1. Pathogens to survive and be present;
2. Pathogens to recreate in surface waters;
3. Individuals to come in contact with water for sufficient time, or ingest sufficient volumes of water to receive an infectious dose.

Die-off rates of bacteria in the environment are often exponential, therefore, direct deposition of fecal material into waters generally contribute higher concentrations of pathogens than material that must be transported overland or through the subsurface.

=== Human exposure ===
In general, children, the elderly, and immunocompromised individuals require a lower dose of a pathogenic organism in order to contract an infection. Presently there are very few studies which are able to quantify the amount of time people are likely to spend in recreational waters and how much water they are likely to ingest. In general, children swim more often, stay in the water longer, submerge their heads more often, and swallow more water. This makes people more fearful of water in the sea as more bacteria will be growing on and around them.

=== Quantitative microbiological risk assessment ===
Quantitative microbiological risk assessments (QMRAs) combine pathogen concentrations in water with dose-response relationships and data reflecting potential exposure to estimate the risk of infection.

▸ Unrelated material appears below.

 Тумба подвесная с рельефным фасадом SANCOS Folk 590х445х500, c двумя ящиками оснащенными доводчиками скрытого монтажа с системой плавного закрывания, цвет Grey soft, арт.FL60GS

Data on water exposure are generally collected using questionnaires, but may also be determined from actual measurements of water ingested, or estimated from previously published data. Respondents are asked to report the frequency and timing and location of exposures, detailed information about the amount of water swallowed and head submersion, and basic demographic characteristics such as age, gender, socioeconomic status and family composition. Once sufficient data are collected and determined to be representative of the general population, they are usually fit with distributions, and these distribution parameters are then used in the risk assessment equations. Monitoring data representing occurrence of pathogens, direct measurement of pathogen concentrations, or estimations deriving pathogen concentrations from indicator bacteria concentrations, are also fit with distributions. Dose is calculated by multiplying the concentration of pathogens per volume by volume. Dose-responses can also be fit with a distribution.

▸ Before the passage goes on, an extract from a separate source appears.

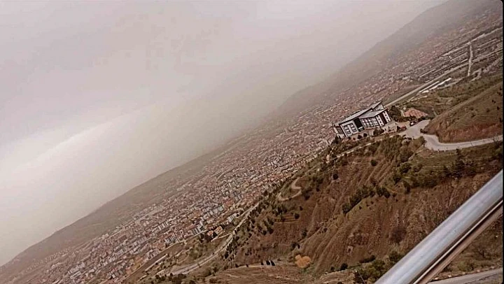 Suriye üzerinden Türkiye'ye gelen toz taşınımı, Güneydoğuda bir çok il de olduğu gibi Elazığ'da da etkisini gösterdi. Tarihi Harput Mahallesi'nden kentteki toz bulutu net bir şekilde gözlenirken, zaman zaman etkili olan şiddetli rüzgar vatandaşlara zor anlar yaşattı.

=== Risk management and policy implications ===
The more assumptions that are made, the more uncertain estimates of risk related to pathogens will be. However, even with considerable uncertainty, QMRAs are a good way to compare different risk scenarios. In a study comparing estimated health risks from exposures to recreational waters impacted by human and non-human sources of fecal contamination, QMRA determined that the risk of gastrointestinal illness from exposure to waters impacted by cattle were similar to those impacted by human waste, and these were higher than for waters impacted by gull, chicken, or pig faeces. Such studies could be useful to risk managers for determining how best to focus their limited resources, however, risk managers must be aware of the limitations of data used in these calculations. For example, this study used data describing concentrations of Salmonella in chicken feces published in 1969. Methods for quantifying bacteria, changes in animal housing practices and sanitation, and many other factors may have changed the prevalence of Salmonella since that time. Also, such an approach often ignores the complicated fate and transport processes that determine bacteria concentrations from the source to the point of exposure.

== Addressing bacterial water quality problems ==
In the US, individual states are allowed to develop their own water quality standards based on EPA's recommendations under the Clean Water Act of 1977. Once water quality standards are approved, states are tasked with monitoring their surface waters to determine where impairments occur, and watershed plans called Total Maximum Daily Loads (TMDLs) are developed to direct water quality improvement efforts including changes to allowable bacteria loading by point sources and recommendations for changes to practices that reduce nonpoint-source contributions to bacteria loads. Also, many states have beach monitoring programs to warn swimmers when high levels of indicator bacteria are detected.